Cost outlook: "All-in sustaining costs for the fourth quarter are expected to be approximately US$1,475 an ounce, which represents an 8% reduction compared to the third quarter."
Cost drivers: "Increased production taxes and royalties from the higher gold price environment and slightly higher G&A spend, largely due to an increase in contracted labor."
Synergy realisation: "When we announced our decision to acquire Newcrest, we committed to delivering $500 million in synergies from three areas: G&A, supply chain, and our Full Potential program. And as of today, we have achieved that $500 million synergy run rate."
Divestment progress: "Our non-core divestment program has advanced meaningfully, with the two recently announced transactions expected to deliver up to $1.5 billion in combined gross proceeds."
Debt position: "We purchased $233 million in nominal debt ... To date, we've now retired nearly $500 million for the year. We ended the quarter with $7.1 billion in total liquidity. And our gross debt now stands at $8.5 billion compared to our target of $8 billion."
Buyback progress: "Since our last earnings call, we repurchased 9.4 million shares at an average price of US$53.16 per share for a total cost of $500 million.
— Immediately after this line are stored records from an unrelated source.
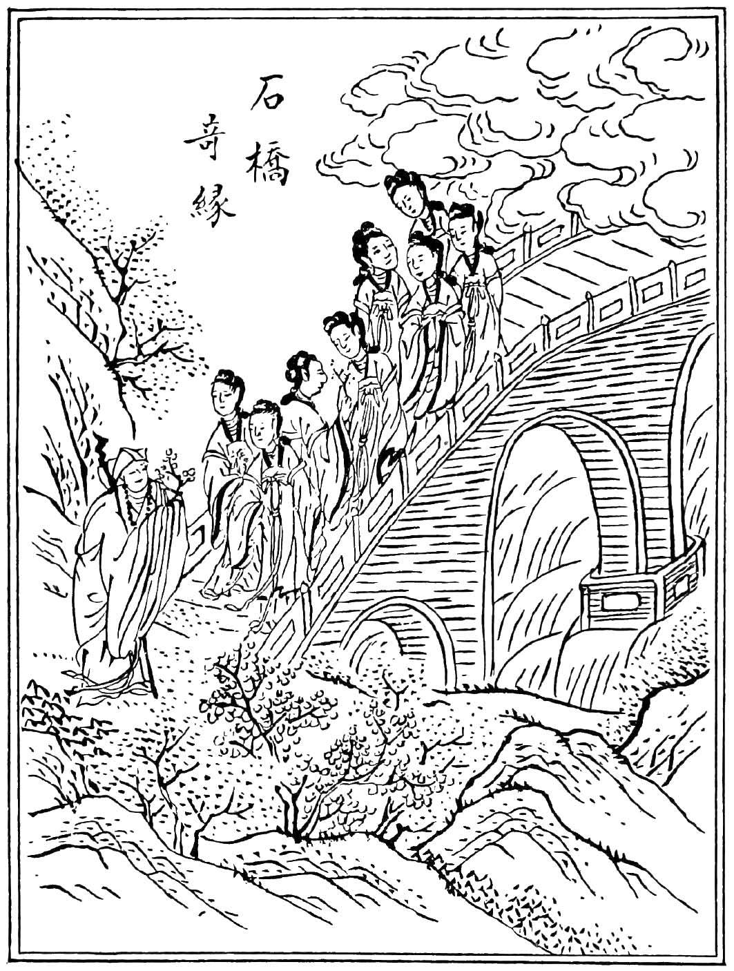 «Возможно, в верховьях реки есть какой-нибудь необыкновенный цветок, и запах его долетел по течению до этих мест? — предположил он. — Пойду-ка поищу». Одевшись, он зашагал вдоль реки и на Каменном мосту лицом к лицу столкнулся с восьмью феями, которые все еще продолжали сидеть там. Отставив посох, Сон Чжин сложил в приветствии руки и смиренно обратился к феям:
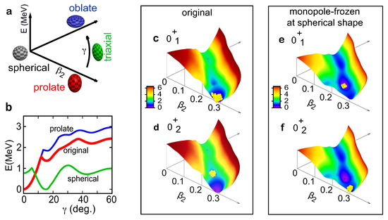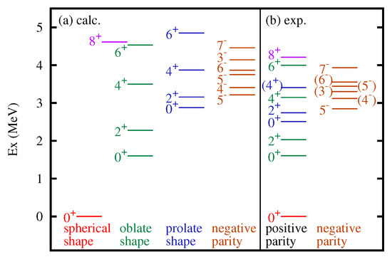 - Tsunoda, Y.; Otsuka, T. Triaxial rigidity of 166Er and its Bohr-model realization. Phys. Rev. C 2021, 103, L021303. [Google Scholar] [CrossRef]
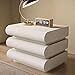 Product description: Elevate your bedroom with this modern Interoknack bedside table, featuring a distinctive rolled-edge drawer design that mimics the look of layered cushions. Measuring 19.7 x 15.7 x 19.7 inches, this nightstand combines luxury with functionality through its plush matte finish and soft, rounded edges that ensure safety and style. Available with either two or three spacious drawers, it offers ample storage for keeping your nighttime essentials organized and surfaces clutter-free. Crafted from solid wood/composite materials, the generous tabletop provides plenty of space for lamps, decor, or bedside necessities. The low-profile silhouette and seamless design make this nightstand a perfect addition to premium bedrooms, hotel suites, or minimalist interiors. Its smart Scandinavian-inspired design integrates beautifully with contemporary or luxury decor, making it a standout furniture piece for any home.

Newmont’s board authorized an additional $2 billion share repurchase program, bringing our total authorization to $3 billion."
Is it realistic to expect unit costs to moderate over time or should we assume inflation is the best-case scenario: "So if you look forward, if gold price eases, you'd expect the cost of producing an ounce to ease... We have 11 managed operations going forward where we're going to be in a position to be looking over the long term and then strengthening and growing those margins."
Inflation trends: "It's the labor costs where we're seeing that escalation, particularly the contracted labor ..."
Cost drivers: "Largely what you're seeing is the costs we're seeing this year for labor, whether it be employees or contractor labor, staying about the same going into next year, and the driver is lower volume and the sustaining capital."
Are synergies fully reflected in Q3 numbers, given the 7% QoQ increase in opex: "Key driver that's going to flow through in the fourth quarter is a very strong gold production quarter... So that's what you're going to see drive that improvement in the fourth quarter."